O objeto apresenta-se como uma unidade entre conteúdo (portador de diferentes valores – utilitários, éticos etc.) e forma (expressão do conteúdo). Assim, a avaliação estética de um objeto depende do relacionamento entre conteúdo e forma. Além disso, num processo de avaliação, há ainda duas relações que devem ser consideradas: entre o indivíduo e a sociedade e entre o real e o ideal.

Nos processos de avaliação estética, o gosto e a norma se misturam, de modo que nenhuma avaliação subjetiva poderá se isentar de normas (ou padrões) estéticas do passado ou do presente. Contudo, uma norma, por ser o resultado de uma mera convenção ou legitimação social, não é permanente, nem tampouco universal. Pode (e deve) ser sempre testada, especialmente com a propositura do novo: o novo produto ou a nova composição visual.

O gosto depende da história do indivíduo (sujeito estético), de suas aptidões, suas paixões, suas alegrias, suas tristezas etc.. A relação real e ideal determina o resultado da avaliação estética. O ideal é a situação utópica que determina o valor desejável de um objeto, ou ambiente, ao qual é confrontado o valor real. Se o valor real é próximo do valor ideal, então o resultado da avaliação é positivo e vice-versa.

A relação estética do homem com os obras é classificada pelas chamadas categorias estéticas: o belo, o feio, o sublime, o trágico, o cômico e o grotesco.

O conceito de belo é eminentemente histórico, já que cada época e cada cultura têm os seus padrões de beleza próprios. Classicamente, o belo advém de grandezas como a ordem, a simetria e o limite e associa-se às noções de gosto, de equilíbrio, de harmonia e de perfeição. De qualquer modo, o belo (assim como as demais categorias) é sempre sensação subjetiva e desinteressada, não sendo determinado por nenhuma predisposição particular do sujeito estético; o belo julga-se por si mesmo, “agrada sem conceito”.

Já o objeto feio talvez seja bem mais fácil de ser classificado que o belo, inclusive por estarmos cercados de milhares de itens desenvolvidos com fins eminentemente funcionais. Todavia um objeto feio necessariamente não é um produto mal concebido, isto é, um “feio” não é um “belo” que não “deu certo”. Feio não é o “não belo”.

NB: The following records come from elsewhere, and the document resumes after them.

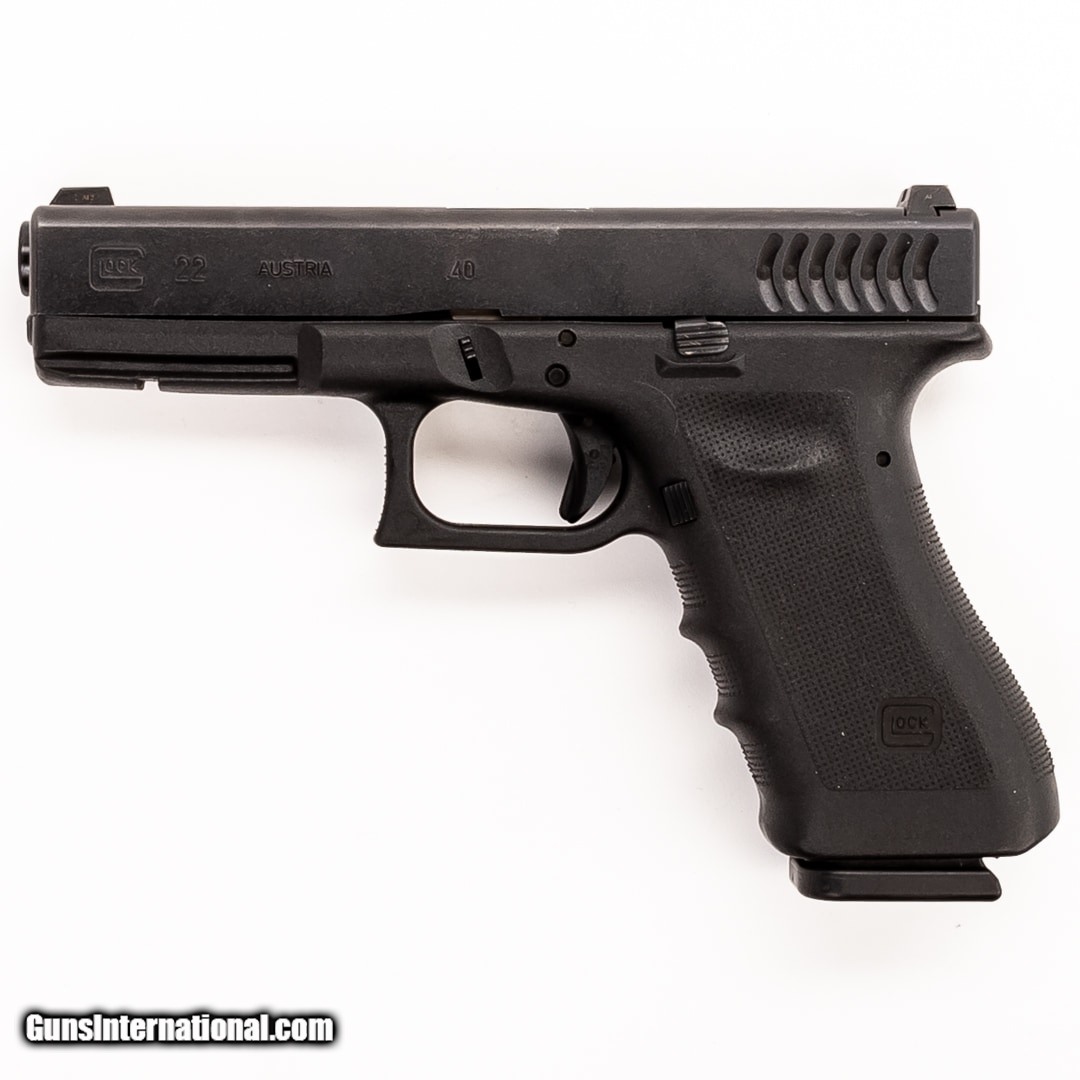 Description: Guns Listing ID: 394113 The Glock 22 is a rock-solid handgun chambered in 40 S&W. It's widely used by law enforcement and has a reputation for power, accuracy, and dependability. It will make an excellent self-defense sidearm. This G22 Gen 3 RTF (Rough Texture Frame) includes a tactical Tupperware case and three 15-round magazines. SOLD Manufacturer: GLOCK Model: GLOCK 22 GEN 3 RTF Caliber Info: .40 S&W Condition: Used - Certified Barrels: 4.5 BARREL Finish: BLACK |
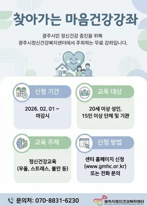 [NWS¹æ¼Û=Çѽ¸ñ ±âÀÚ]±¤ÁÖ½ÃÁ¤½Å°Ç°º¹Áö¼¾ÅÍ´Â Áö¿ª ³» ±â°ü ¹× ´Üü¸¦ ´ë»óÀ¸·Î Á¤½Å°Ç° ÀÎ½Ä Çâ»ó°ú Á¤½ÅÁúȯ ¿¹¹æÀ» À§ÇÑ ¡®2026³â ã¾Æ°¡´Â ¸¶À½ °Ç° °Á¡¯¸¦ ¿À´Â 11¿ù±îÁö ¿î¿µÇÑ´Ù°í 20ÀÏ ¹àÇû´Ù.
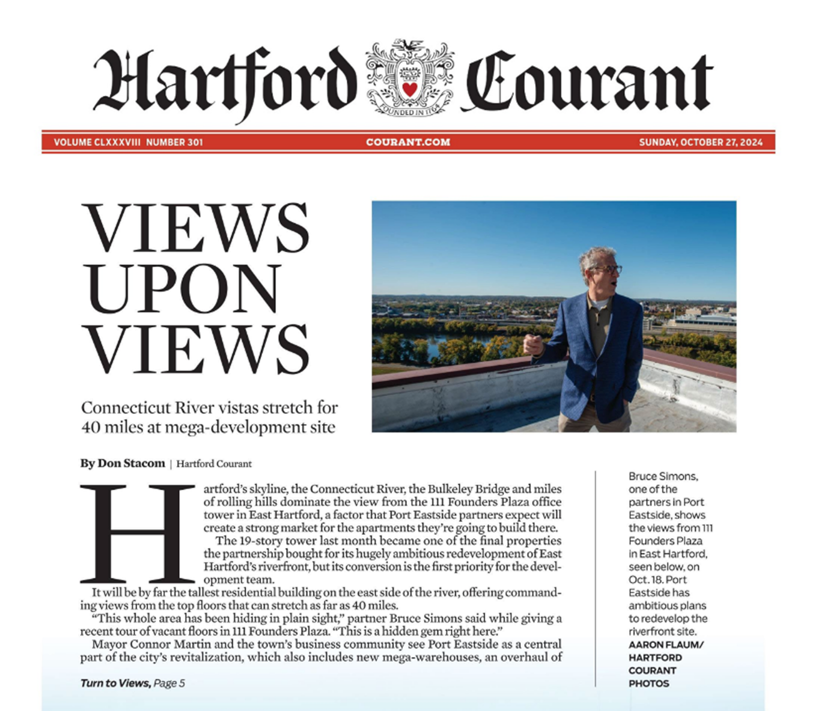 Rising above the Connecticut River, Port Eastside creating a new vision for a waterfront destination where modern residences, dynamic retail and entertainment spaces, and an elevated greenway come together, while establishing a seamless pedestrian connection to Hartford's cultural district. Through thoughtful design and planning, Port Eastside will become New England's next great waterfront community, creating stronger connections between both sides of the river while offering unprecedented access to the waterfront.

Os juízos sobre o belo e o feio são potencialmente arbitrários. Se um objeto é considerado feio é porque não possui aquilo que se julga ser belo, mas como tal consideração é sempre subjetiva, o que é feio para uns pode ser até sublime para outros e vice-versa.

O sublime não é apenas o belo elevado ao seu mais alto grau; exige a condição de ilimitado, ou seja: é sublime o que nos escapa do juízo imediato do belo. O sublime é aquilo que a imaginação não consegue apreender; o belo é passível de apreensão pela imaginação e encontra-se num objeto finito. Já o trágico, do ponto de vista estético, incorpora não só critérios de dramaticidade, mas também um certo “prazer” no sujeito estético, por mais antagônico que sejam esses sentimentos.

Objetos cômicos são aqueles que apresentam, como o próprio nome diz, um grau de comicidade superior ao comum. Isto é, por sua forma, provocam risos no sujeito estético. A comicidade não está presente tão só nos objetos lúdicos, nem tampouco naqueles que têm este requisito como sendo obrigatório. Um produto pode ser cômico de uma forma despretensiosa e nem por isso obstar os risos das pessoas que o apreciam.

Além dos risos, a mudança formal de um objeto pode gerar outros tipos de sentimentos, inclusive a repulsa e a rejeição. Esta alteração conceitual, quando realizada de uma forma abrupta, pode dar um aspecto disforme a alguns produtos, tornando-os esteticamente classificados como grotesco, categoria caracteriza pela presença predominante do estranho, do fantástico e do irreal ou antinatural, que podem ocorrer, por sua vez, em cenários distintos. O estranho e o fantástico podem ser de natureza diversa, constituindo-se na tendência de unir seres diferentes e objetos reais a outros realizados ou deslocados de seu contexto natural.